▶ **DATASET EXTRACT**:

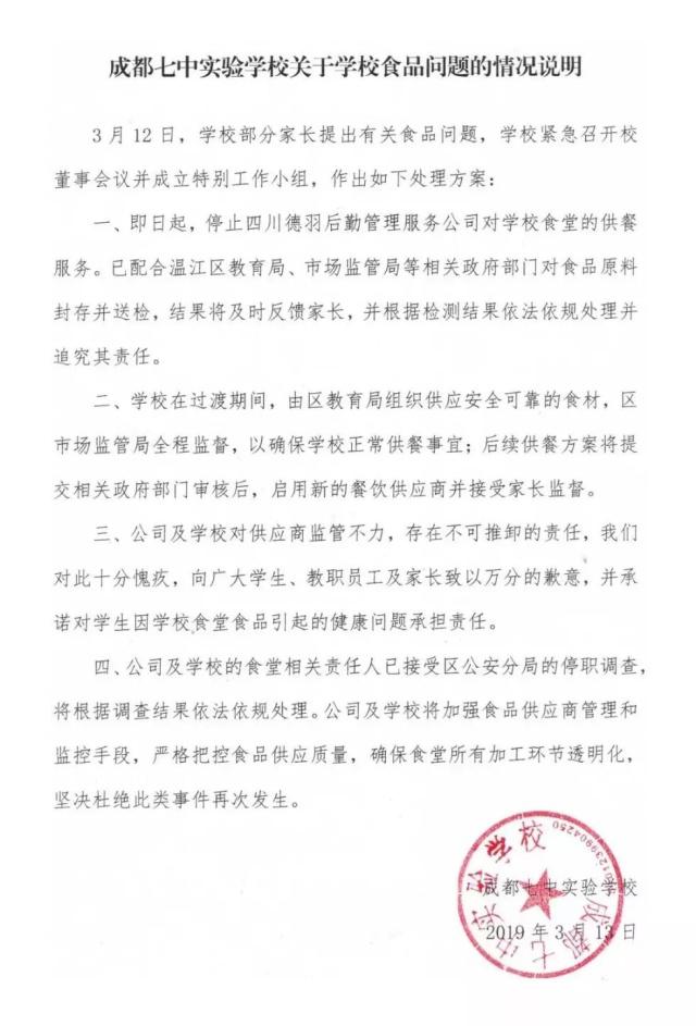 3月12日下午,部分学生家长反映成都七中实验学校小学部食堂食品质量问题引发社会关注。
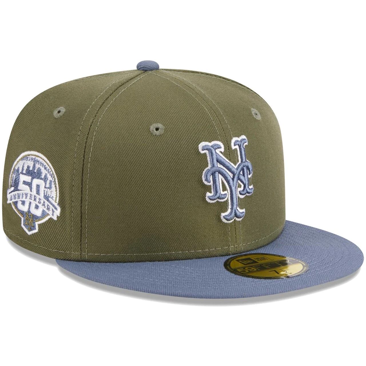 Showcase your unwavering New York Mets pride by wearing this 59FIFTY cap from New Era. This hat features a unique color scheme of olive and blue, with New York Mets graphics embroidered on the crown and side. The fitted construction will ensure you stay comfortable wherever you go.
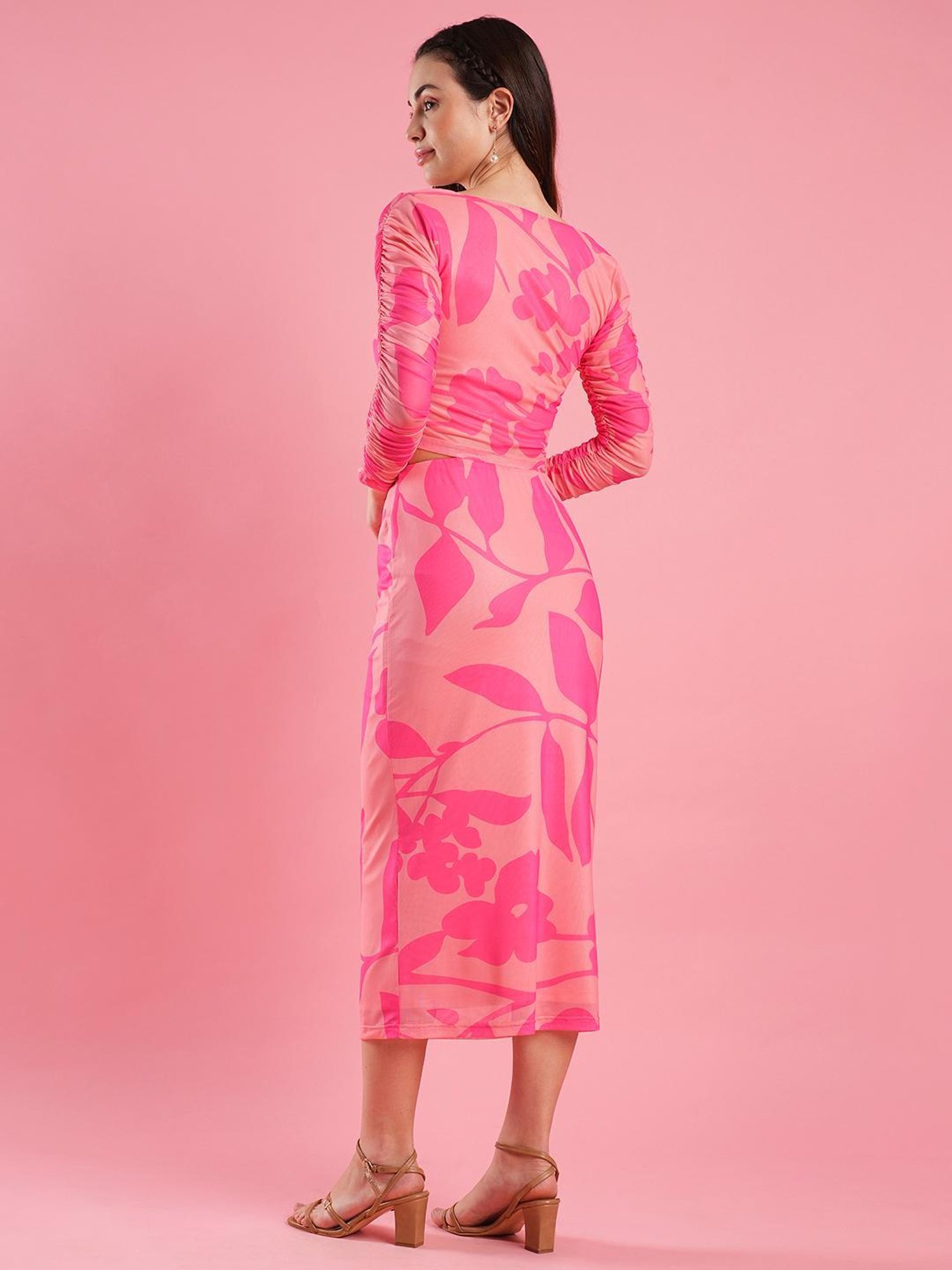 Add quirky styles to your casual repertoire with this pair of pink crop top with skirt from Globus. Crafted from a net fabric they will provide a soft touch against your skin. Besides, they features a square neck, full sleeves and printed pattern that renders it trendy and further gives it some edge. Team it with a pair of wedges to have a trendy look.
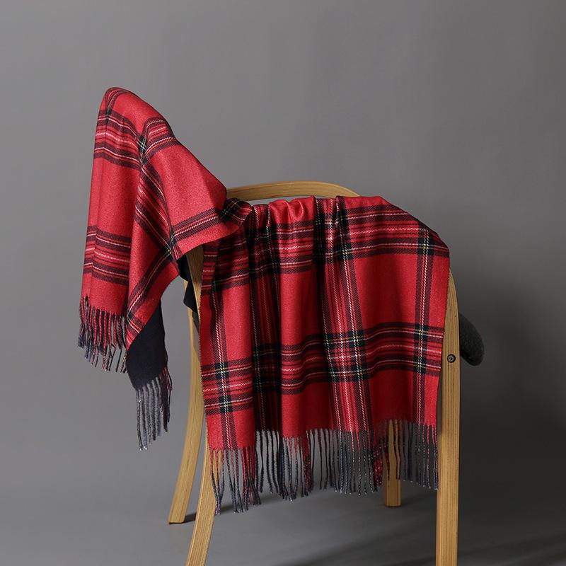 Cachecol Xadrez de Outono e Inverno em Caxemira Sintética, Xale Espesso e Quente, Cachecol Longo com Franjas da Moda para Homens e Mulheres, Aquecedor de Pescoço

▶ **ABOUT THIS EXERCISE**: Without including any pictures, copy every line above exactly.

▶ **YOUR RESPONSE**:
 3月12日下午,部分学生家长反映成都七中实验学校小学部食堂食品质量问题引发社会关注。
 Showcase your unwavering New York Mets pride by wearing this 59FIFTY cap from New Era. This hat features a unique color scheme of olive and blue, with New York Mets graphics embroidered on the crown and side. The fitted construction will ensure you stay comfortable wherever you go.
 Add quirky styles to your casual repertoire with this pair of pink crop top with skirt from Globus. Crafted from a net fabric they will provide a soft touch against your skin. Besides, they features a square neck, full sleeves and printed pattern that renders it trendy and further gives it some edge. Team it with a pair of wedges to have a trendy look.
 Cachecol Xadrez de Outono e Inverno em Caxemira Sintética, Xale Espesso e Quente, Cachecol Longo com Franjas da Moda para Homens e Mulheres, Aquecedor de Pescoço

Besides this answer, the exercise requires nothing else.